Submitted to: Meeting Abstract
Publication Type: Proceedings
Publication Acceptance Date: 7/30/2009
Publication Date: 9/2/2009
Citation: Lebeda, A., E. Krístková, B. Sedláková, J.D. McCreight, and M.D. Coffey. 2009. Pathogenic variability of individuals and populations of cucurbit powdery mildew–great confusion and great mystery, or why we still need the classical phytopathology, p.8. In: I. Šafránková, Šefrová, H. (Eds.) (ed.). XVIII. Ceská a slovenská konference o ochrane rostlin. Sborník abstraktu (XVIII. Czech and Slovak Plant Protection Conference. Proceedings of Abstracts). Mendelova zemedelská a lesnická univerzita v Brne (Mendel Agriculture and Forestry University in Brno), 2.-4. zárí 2009 (2.-4. September 2010), p. 8. (ISBN 978-80-7375-316-0), Brno (Czech Republic).

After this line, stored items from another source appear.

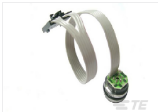
TE Part #86-100G-R 100 PSIG RIBBON CABLE MV PRESSURE SENSOR
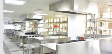
廚藝複合多功能教室 Culinary Multi-Functional Classroom V203
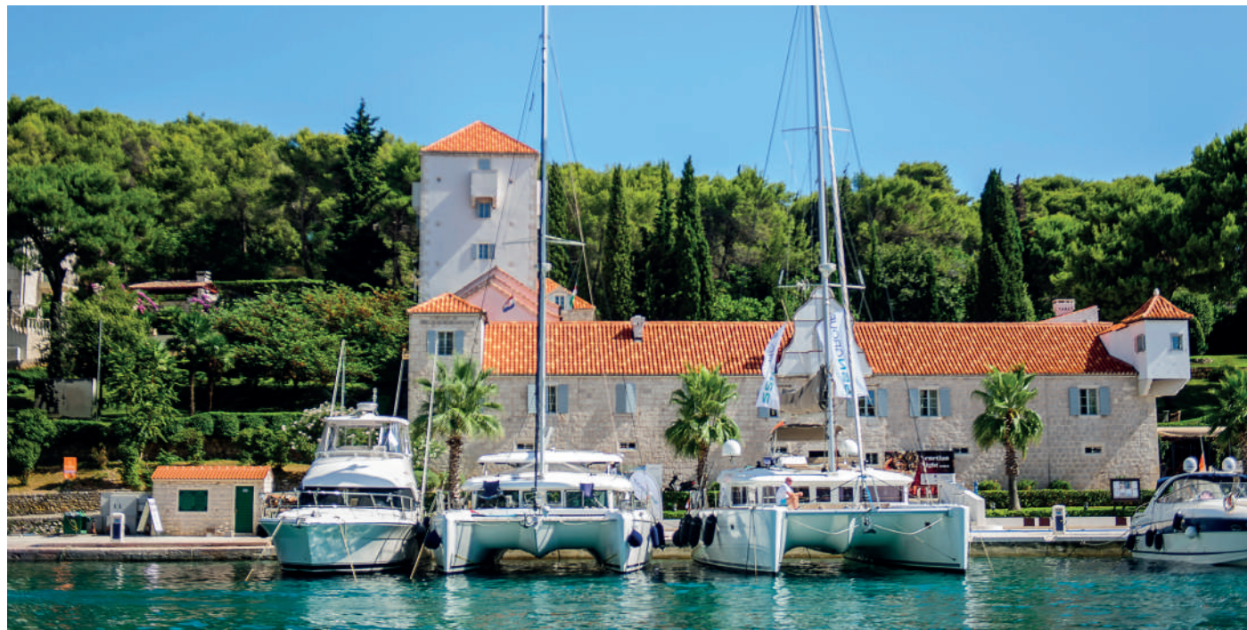
Maslinica: pogled na Martinis Marchi / Martinis Marchi view
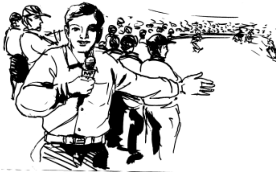
Fig.24.1: Reporting on a cricket match.

Those of you who gain some experience in the print media can think of joining the new media division of an established media organisation. These divisions are always on the lookout for good reporters, editors and writers. Reporters who work for new media not only pick up fresh story ideas for the web, but also follow up several important stories that have already appeared in the print edition.
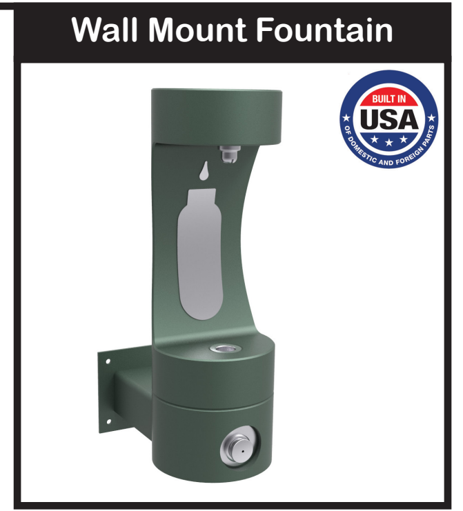
Model LK4405BF is shown.
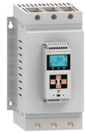
Soft starter ADXL Asynchronous three phase

Product designation Product type designation Motor type

Interpretive Summary: N/A.

Technical Abstract: Golovinomyces cichoracearum and Podosphaera xanthii (family Erysiphales) are considered the most important species causing cucurbit powdery mildew (CPM), a serious disease of field and greenhouse cucurbits. Podosphaera xanthii (Px) is common in subtropical and tropical areas and in greenhouses in temperate areas, while G. cichoracearum (Gc) occurs more frequently in fields in temperate and colder areas. Both species may occur singly or together on cucurbits in Central Europe. Cucurbit isolates of Gc and Px differentially cross-infect all cucurbit species and genera and may be characterized as pathotypes. Populations of CPM vary spatially and temporally. Breeding of cucurbits for resistance to CPM is hindered by the lack of clear and uniform descriptions of the genetic variation in the pathogenicity of the CPM pathogens and genetics of resistance in the cucurbits. Various, independent systems of pathotype and race determinations and denominations of CPM pathotypes and races are in use worldwide, and there is no international cooperation or agreement in those topics. In this paper we critically review the current state of understanding of variation for pathogenicity of these two CPM pathogens at the pathotype and race levels, and propose for use by the international CPM research, breeding, seed and production communities: 1) two sets of differential cucurbit genotypes for the identification of CPM pathotypes and races, respectively, and 2) an objective, efficient, uniform, comprehensive coded system for meaningful, concise designation of CPM pathotypes (sextet code) and races (septet code). The proposed set of pathotype differentials includes six genotypes of three genera (Cucumis, Cucurbita, Citrullus). The proposed the set of CPM race differentials includes 21 genotypes of a single species, Cucumis melo L. This study clearly demonstrates that in the age of molecular biology we are still missing the basic information of “classical phytopathology,” i.e., about variation of the host-pathogen interactions from the viewpoint of host range, pathogenicity variation on different genotypes of one host species, including their precise specification and denomination. These basic data are the background for further detailed and internationally accepted studies of CPM pathogenicity variation on individual and population levels, as well as their understanding on genetical and molecular levels.